If it spreads, however, the crackdown could carry a significant macroeconomic cost. Enforcing the residency system nationally could severely limit labor mobility in China. This would in turn constrain monetary policy, which is critical to minimizing the cost to China of what's likely to be a very difficult adjustment after decades of deeply unbalanced growth.
How exactly would this happen? It's important to remember that while China is a huge economy with a great deal of variety across different regions, it can nonetheless operate effectively with a single currency because it has most of the characteristics of an optimum currency area. In the 1960s, Columbia University’s Robert Mundell argued that four conditions were required to establish such an area. They include high levels of labor mobility, high levels of capital mobility, a system of transfers that shares risks across the region, and coordinated business cycles.
If labor mobility in China slows dramatically, growth rates in different parts of the country would diverge even more than they have already, rather than converge. As a result, monetary policies aimed at restraining credit growth overall might end up being too tight for some regions, leading to accelerating bankruptcies, and too loose for others, fueling out-of-control credit growth. To prevent financial dislocation in the former, officials would likely tolerate faster credit growth for a longer period of time than they might otherwise.
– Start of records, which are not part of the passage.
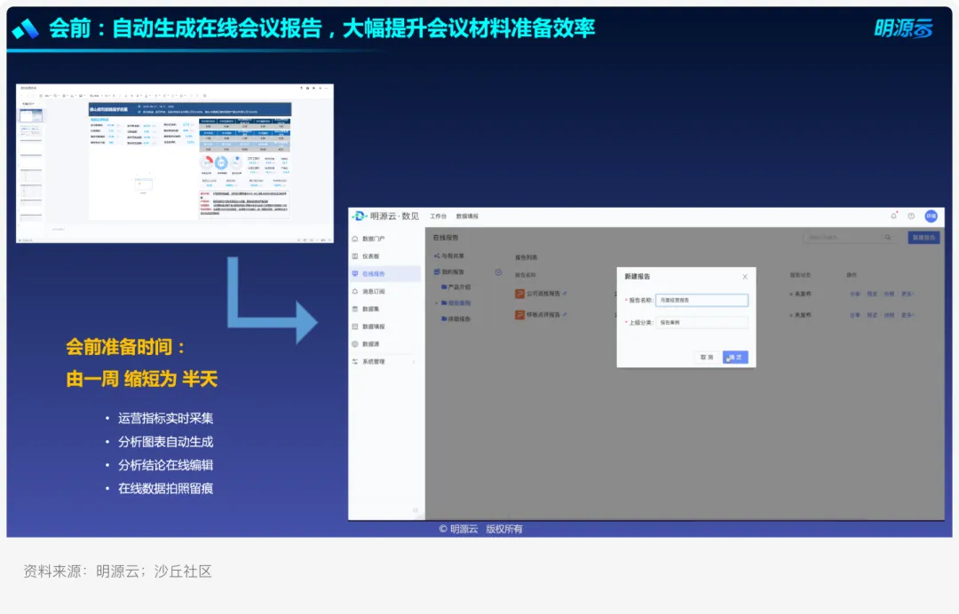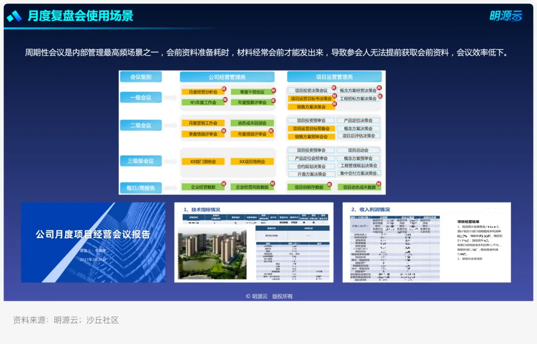 但管理驾驶舱主要展示的是实时动态数据和企业风险数据,无法识别和洞察企业周期性的经营风险。房地产企业形成经营决策通常需要周期性的沉淀,周期性会议是内部管理最高频的场景之一。会议中不可避免的需要呈现各种数据,开会时通过对数据的洞察来识别经营风险。但由于数据复杂,往往会议资料准备耗时较长,材料经常会前才能发出来,导致参会人无法提前获取会议资料,会议效率低下。
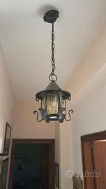 Solida lavorazione in ferro battuto nero/brunito, con eleganti riccioli e volute decorative che circondano e proteggono il diffusore in vetro. Il rosone a soffitto è anch'esso in ferro lavorato.Diffusore centrale in vetro soffiato/rullato color ambra, con una particolare forma bombata e scanalata che ricorda una lanterna antica
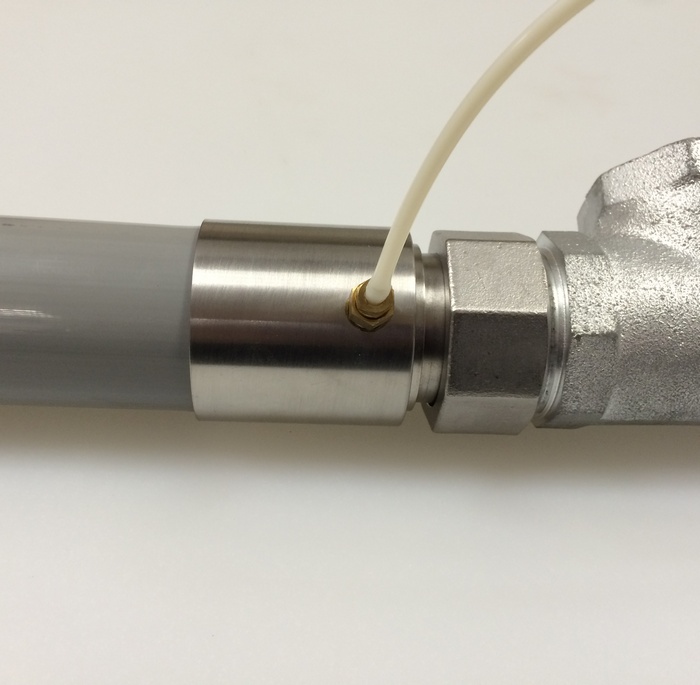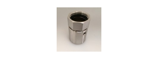 The stainless steel coupling with swivel nut is internally swaged to secure it to the pipework. Finished thread connect 1 1/2" NPSH including Viton Seal. Very easy to use simply cut the pipework to length, no requirement to remove the outer pipe jacket. Both primary and secondary pipe is swaged in a single action into the coupling. Test port allows access to the interstice for monitoring and leak detection. Uses standard SPC faceplate on coupling machine for swaging.
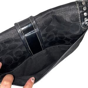 Unique Coach Vintage Monogram Canvas & Leather Studded Black Shoulder Handbag Sack Purse Excellent Condition
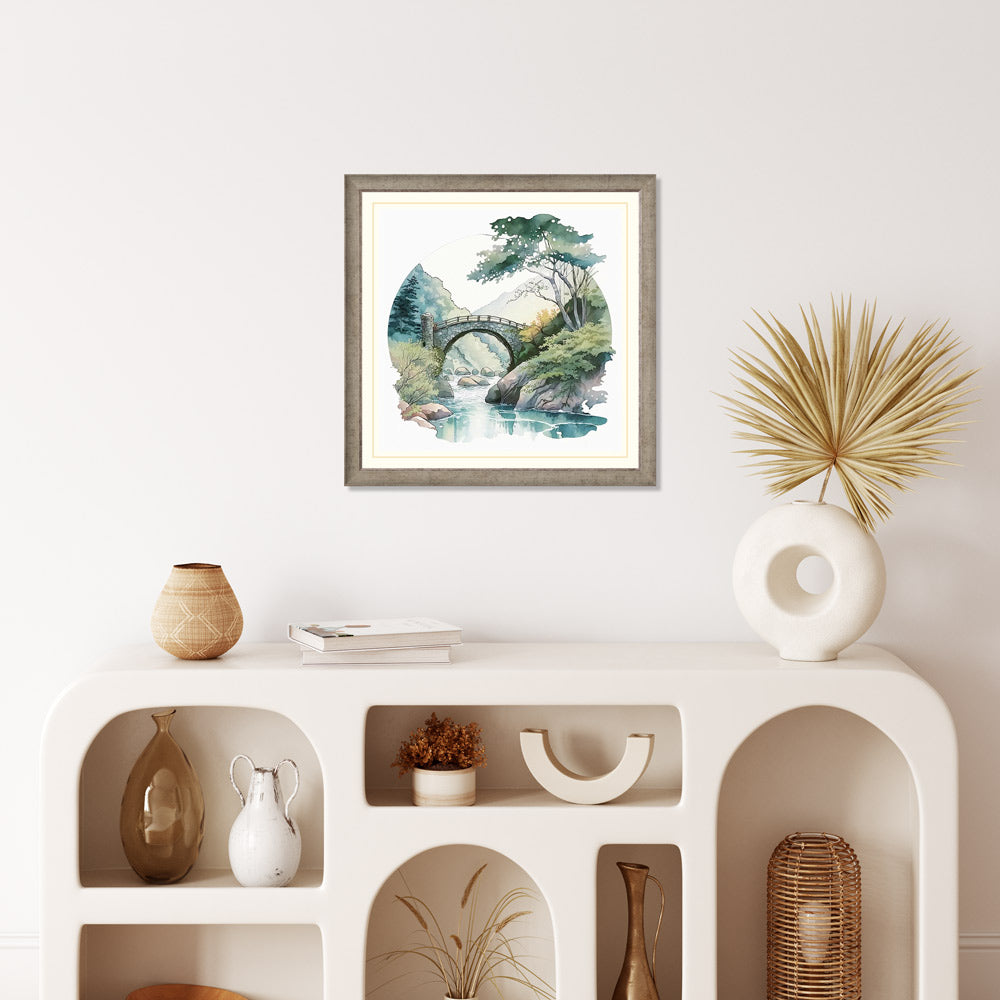 Reminiscent of the classic art style of the 19th century, this water colour print features a tranquil bridge over a lazy river - perfect for any wall in your home. Enjoy a simple, yet elegant piece of artwork that will definitely stand out.
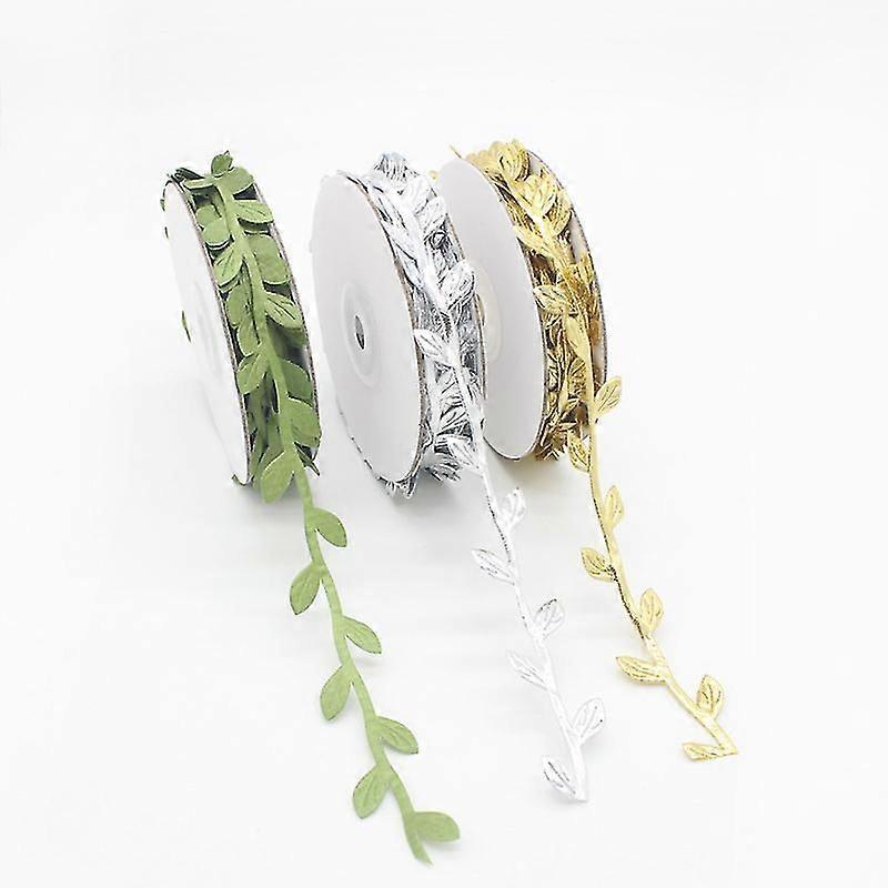 3 Rolls Of 10m Leaf Ribbon, Olive Green Leaf Ribbon
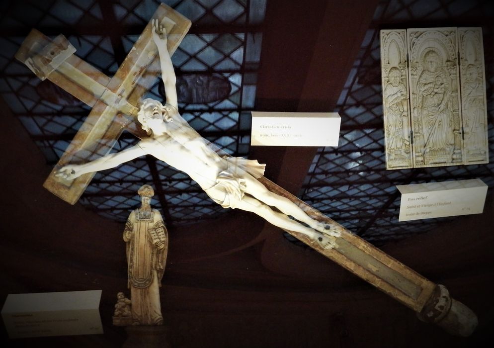 Inv. 65. Ivoire : crucifix. Christ d'ivoire étendu sur une croix de bois peinte en blanc et dorée aux rebords. La croix est dréssée sur un piédestal à 3 gradins de bois peint en blanc avec traces de dorures aux rebords de chacun des gradins.

If labor mobility is restricted, in other words, it'll be harder to control the upsurge in debt.
For instance, GDP in China’s northeastern province of Liaoning, which suffers from rust-belt industries mired in debt and excess capacity, shrunk 2.5 percent last year. Even the ability of the provincial government to continue financing itself was thrown into question temporarily when one of its largest state-owned enterprises, Dongbei Special Steel, was forced into a messy default. In order to avoid surging unemployment and rising defaults, Liaoning needs low interest rates and temporarily easy money. But, if the central government wants to restrain credit growth in healthier and faster-growing provinces like Fujian, which grew last year by 8.4 percent, it needs to pursue diametrically opposed policies.
This is already a difficult enough problem. It would be far more difficult if Liaoning’s unemployed workers couldn’t migrate to where the jobs are, and if provinces like Fujian protected their residents by restricting immigration. Such provincial protectionism has a long history in China. Less than 20 years ago, provinces restricted trade among themselves so severely that one of the main reasons then-Premier Zhu Rongji pushed for China’s entry into the World Trade Organization was to use WTO rules to break down intra-provincial trade barriers.
For this reason, authorities should monitor labor practices carefully and take steps to prevent local officials from heavily enforcing the hukou. This may prove difficult, in which case they should consider alternative policies to reinforce monetary integration. They could strengthen fiscal policies that transfer income from faster-growing provinces to slower-growing ones, for example, or manage fiscal spending so that business cycles are more closely coordinated across regions.
One thing we know from the history of developing countries is how suddenly virtuous cycles can become vicious cycles. In China, rapid growth historically encouraged local officials to ignore hukou restrictions. This caused a sharp increase in labor mobility, which made monetary policy more effective and, in turn, encouraged even more rapid growth.
This self-reinforcing process could just as easily reverse itself, with slow growth encouraging officials to restrict labor mobility, weakening the transmission of monetary policy and slowing growth even further. Officials might want to think twice before making their own jobs harder.